Ecosyste.ms: Awesome

An open API service indexing awesome lists of open source software.

Awesome Lists | Featured Topics | Projects

https://github.com/arturogonzalezm/convert_json_to_parquet

ETL (Extract, Transform, Load) job using PySpark - submodule
https://github.com/arturogonzalezm/convert_json_to_parquet

apache-spark etl etl-job etl-pipeline pyspark-python python python312

Last synced: 3 days ago
JSON representation

ETL (Extract, Transform, Load) job using PySpark - submodule

Awesome Lists containing this project

README

        

[![codecov](https://codecov.io/gh/arturogonzalezm/convert_json_to_parquet/graph/badge.svg?token=6GBJPNE0BB)](https://codecov.io/gh/arturogonzalezm/convert_json_to_parquet)
[![License: MIT](https://img.shields.io/badge/License-MIT-purple.svg)](https://github.com/arturogonzalezm/convert_json_to_parquet/blob/master/LICENSE)
[![PyLint](https://github.com/arturogonzalezm/convert_json_to_parquet/actions/workflows/workflow.yml/badge.svg)](https://github.com/arturogonzalezm/convert_json_to_parquet/actions/workflows/pylint.yml)

# Convert JSON to Parquet - PySpark ETL Job submodule

This project demonstrates a structured approach to building an ETL (Extract, Transform, Load) job using Python, PySpark, and custom exceptions.
The code is organised into separate modules for logging, custom exceptions, Spark session management, and the ETL job itself.

## Modules Overview

**custom_exceptions.py**

### Defines two custom exception classes:

**ETLJobError:** Raised when errors occur during the ETL job.

**SparkSessionError:** Raised when errors occur related to the Spark session.

Each exception class has attributes for message, stage (for ETLJobError), component (for SparkSessionError), and details.

---

**logger.py**

### Provides logging functions:

**log_error(message):** Logs an error message.

**log_info(message):** Logs an info message.

Uses Python's built-in logging module with a basic configuration.

---

**spark_session.py**

### Manages the creation and stopping of Spark sessions:

**get_spark_session(app_name):** Creates or retrieves a Spark session.

**stop_spark_session():** Stops the current Spark session if it exists.

---

**etl_job.py**

### Performs ETL operations using PySpark:

**extract_json(spark, input_file_path):** Extracts data from a JSON file.

**transform(df):** Transforms the extracted data by renaming column headers to uppercase.

**load(df, output_file_path):** Loads the transformed data into a Parquet file.

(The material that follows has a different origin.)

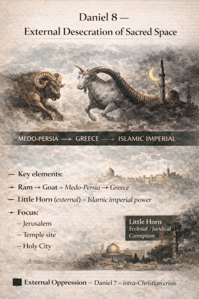 | Daniel 8 | External imperial oppression (Islamic power) | Same, with long-duration fulfillment |

**run(spark, input_file_path_json, output_file_path_parquet):** Runs the ETL job.

---

**main.py**

### Usage example:

```python
from src.etl_job import ETLJob
from src.spark_session import SparkSessionManager
from src.utilities.custom_exceptions import SparkSessionError, ETLJobError
from src.utilities.logger import log_error

def main():
"""
Main function to run the ETL job.
"""
input_file_path_json = 'data/input/craiglist.json'
output_file_path_parquet = 'data/output/craiglist.parquet'

try:
# Create or get SparkSession
spark = SparkSessionManager.get_spark_session("Read JSON")

# Run ETL job
ETLJob.run(spark, input_file_path_json, output_file_path_parquet)

except SparkSessionError as e:
log_error(f"SparkSessionError: {e}")
return

except ETLJobError as e:
log_error(f"ETLJobError: {e}")
return

finally:
# Stop SparkSession
SparkSessionManager.stop_spark_session()

if __name__ == "__main__":
main()
```

---

## ETL Job Pipeline

```mermaid
graph LR
A[Main Script] -->|create/get spark session| B[SparkSessionManager]
B -->|getOrCreate SparkSession| C[SparkSession]
A -->|run ETL job| D[ETLJob]
D -->|extract JSON data| E[extract_json]
E -->|transform data| F[transform]
F -->|load data into Parquet file| G[load]
D -->|log error| H[Logger]
B -->|log error| H
A -->|stop spark session| I[SparkSessionManager.stop_spark_session]

classDef default fill:#f9f,stroke:#333,stroke-width:4px;
class ETLJob,extract_json,transform,load fill:#cce,stroke:#333,stroke-width:2px;
class SparkSessionManager,Logger fill:#ddf,stroke:#333,stroke-width:2px;
```

## Conclusion

This project demonstrates a structured approach to building an ETL job using Python, PySpark, and custom exceptions.
The code is organised into separate modules for logging, custom exceptions, Spark session management, and the ETL job itself.